За восемь лет половина из моих сук-мучителей сдохла, остальные разбежались от стремительно летящего в пропасть Нечаева, как вшивые крысы с корабля. Да и нахер они мне нужны – тупые пешки без мозгов. Мне всегда нужен был Нечаев – только он и Бабочка виноваты во всём, что случилось.
С них и спрос.
«Хорошо, что ты вообще остался жить», – сказал тогда врач, когда я очнулся, выбравшись из липкого марева медикаментозного дурмана. Весь обмазанный какой-то вонючей дрянью, укутанный в бинты, как долбаная мумия, я не понимал: зачем? Зачем же выжил? Для чего всё это нужно было вообще? Чтобы всегда чувствовать эту боль? Всегда вспоминать усмехающуюся рожу Нечаева, чьи верные подонки почти сутки измывались надо мной?
Немыслимо.
Тогда ко мне в палату приходил следователь – мужик лет пятидесяти с воровато бегающими глазками и кожаной папкой под мышкой. Он задавал вопросы, на которые я старался ответить честно – тогда мне казалось, что справедливость ещё существует. Верилось, что её ещё можно найти.
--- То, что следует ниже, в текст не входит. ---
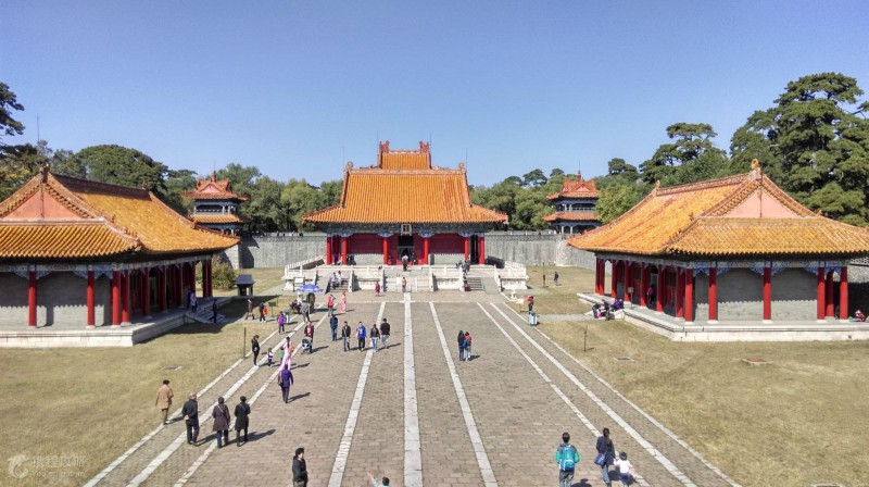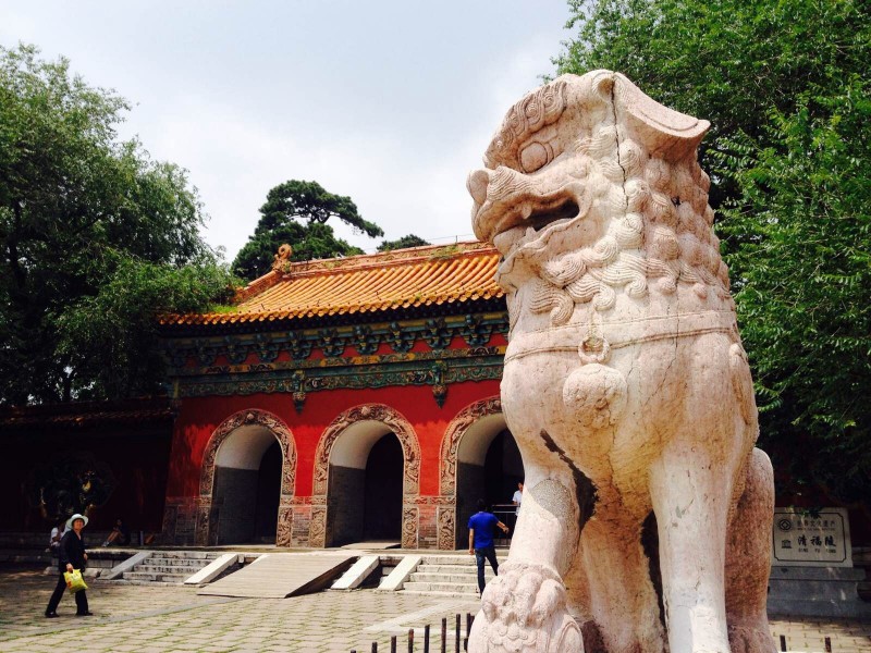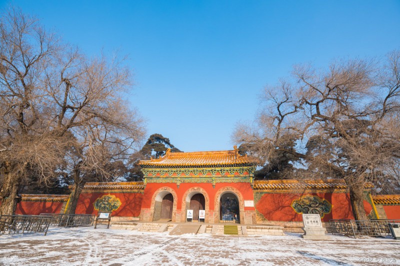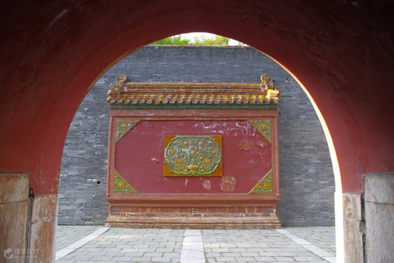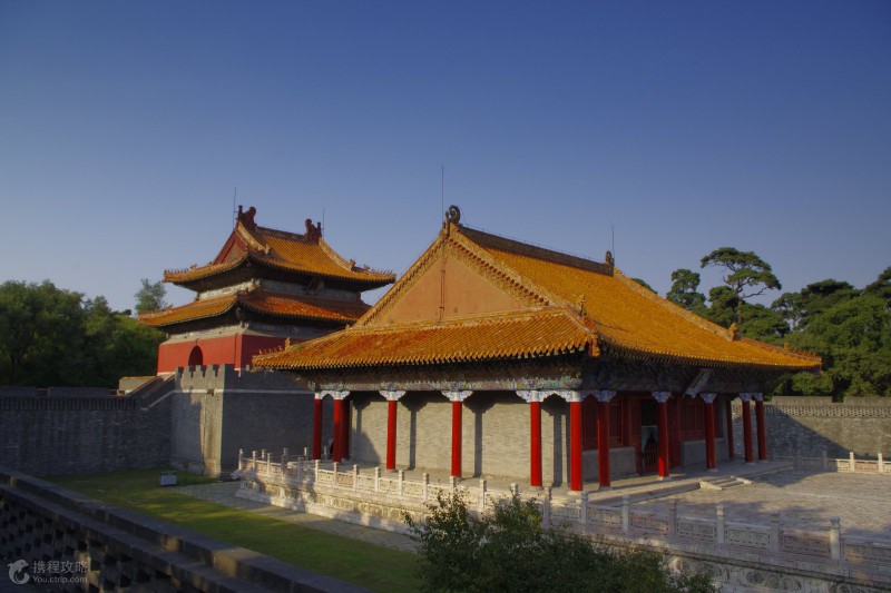 方城的北面就是月牙形的寶城,寶城前壁的正中有一座琉璃照壁。寶城的正中是寶頂,系用三合土筑成,下面的地宮埋葬著清太祖努爾哈赤和孝慈皇后葉赫那拉氏。由于整個(gè)陵墓依山勢而建,你會(huì)發(fā)現(xiàn)建筑物也隨著坡勢起伏,顯得更加錯(cuò)落有致、高大雄偉。

Когда делу даже не дали хода, потому что никто не захотел связываться с Нечаевым, я понял, что надежды и розовые очки нужно выбросить нахрен. И попытаться выжить.
Но если бы не Арсений, подобравший меня буквально с улицы, давший мне однажды шанс, я в лучшем случае оказался бы в тюрьме. А так судьба миловала, проскочил мимо казённых стен. И то радость.
«Я тебя не предавала!»
Но ведь, сука, никто не мог знать, где я жду Машу! Ни одна живая душа не должна была узнать об этом. И я торчал в том грёбаном сарае, считал минуты, прислушиваясь к шагам, но дверь распахнулась, и на пороге стоял Нечаев собственной персоной.
Блядь, нельзя! Нельзя об этом думать!
Выключаю воду и ступаю на холодную плитку, а из зеркала на меня смотрит тот, чьего безумия я порой боюсь сам. Человек, который однажды всё потерял, включая рассудок, – вот кто смотрит на меня с той стороны.
– Ты сам это всё затеял, – говорю своему отражению и вытаскиваю из чехла идеально заточенную опасную бритву.
Густая пена покрывает щёки, и я касаюсь намыленной кожи лезвием, плавно скользя снизу вверх. Ошибка недопустима: чуть дёрнется рука, слегка глубже войдёт опасная сталь, и не останется от тебя ничего, кроме оплывшего тела на кафельном полу.